**Problem details**
A verbatim copy of the records below, pictures omitted, is the task.

**Given information**

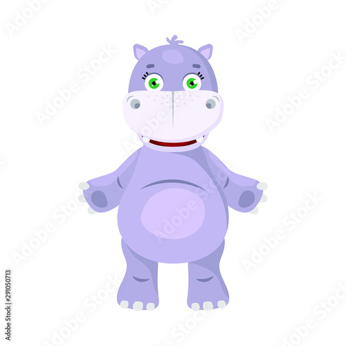 Fototapeta premium Little hippo Isolated on a white dackground. Cartoon hero, flat design....
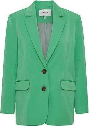 BYESTALE Damen Blazer Longblazer Jacke mit Reverskragen und Knopf mit Stretch, Größe:40, Farbe:Ming Green (165930)
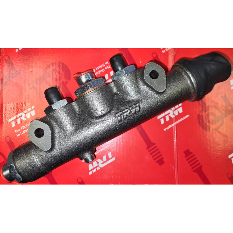 3620 x 1. A brand new TRW brand, replacement XK120 Tandem Master Cylinder. Only correct for the Later XK120 braking system (April 1952 onwards), and as it is longer requires its own specific mount plate (3123). ( Jaguar later reverted back to single line master cylinder using the XK120 style v-banjo in the XK140, as the Tandem system is considered to be 'quirky' and difficult to set up.) SEE NOTES BELOW. Jaguar pioneered this early dual line brake system, but it is difficult to set up and great care has to be taken not to bend the delicate internal needles or 'Tilt Valves' (No Longer Available) whilst servicing (or affected line may lock up). Original factory fited cylinders are easily identified as they bear the 'Qualcast' brand logo. Original Ref. C6712. Lockheed Ref. 31526
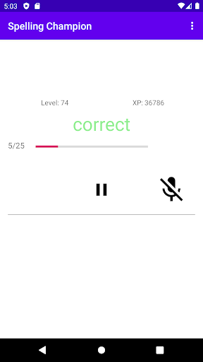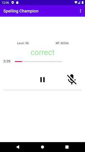 يجب السماح بطل الإملائي أذونات تسجيل الصوت لأداء التعرف على الصوت للكلمات المنطوقة.
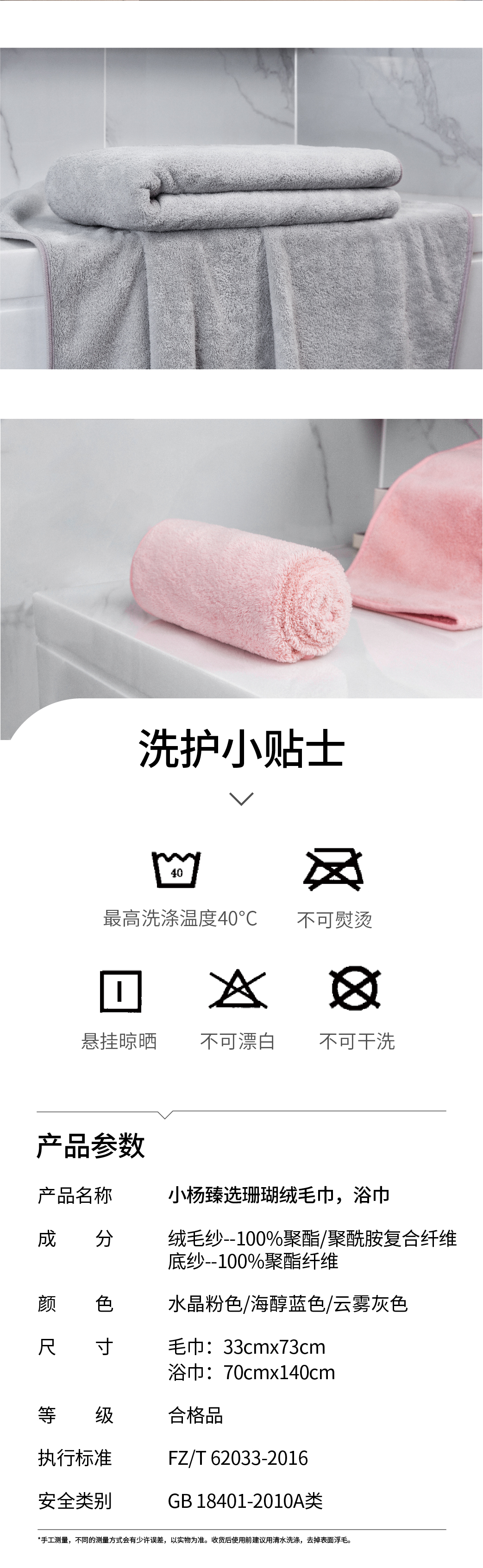 【小杨臻选】珊瑚绒毛巾浴巾 A类面料 柔软亲肤吸水

**Answer space**
 Fototapeta premium Little hippo Isolated on a white dackground. Cartoon hero, flat design....
 BYESTALE Damen Blazer Longblazer Jacke mit Reverskragen und Knopf mit Stretch, Größe:40, Farbe:Ming Green (165930)
 3620 x 1. A brand new TRW brand, replacement XK120 Tandem Master Cylinder. Only correct for the Later XK120 braking system (April 1952 onwards), and as it is longer requires its own specific mount plate (3123). ( Jaguar later reverted back to single line master cylinder using the XK120 style v-banjo in the XK140, as the Tandem system is considered to be 'quirky' and difficult to set up.) SEE NOTES BELOW. Jaguar pioneered this early dual line brake system, but it is difficult to set up and great care has to be taken not to bend the delicate internal needles or 'Tilt Valves' (No Longer Available) whilst servicing (or affected line may lock up). Original factory fited cylinders are easily identified as they bear the 'Qualcast' brand logo. Original Ref. C6712. Lockheed Ref. 31526
 يجب السماح بطل الإملائي أذونات تسجيل الصوت لأداء التعرف على الصوت للكلمات المنطوقة.
 【小杨臻选】珊瑚绒毛巾浴巾 A类面料 柔软亲肤吸水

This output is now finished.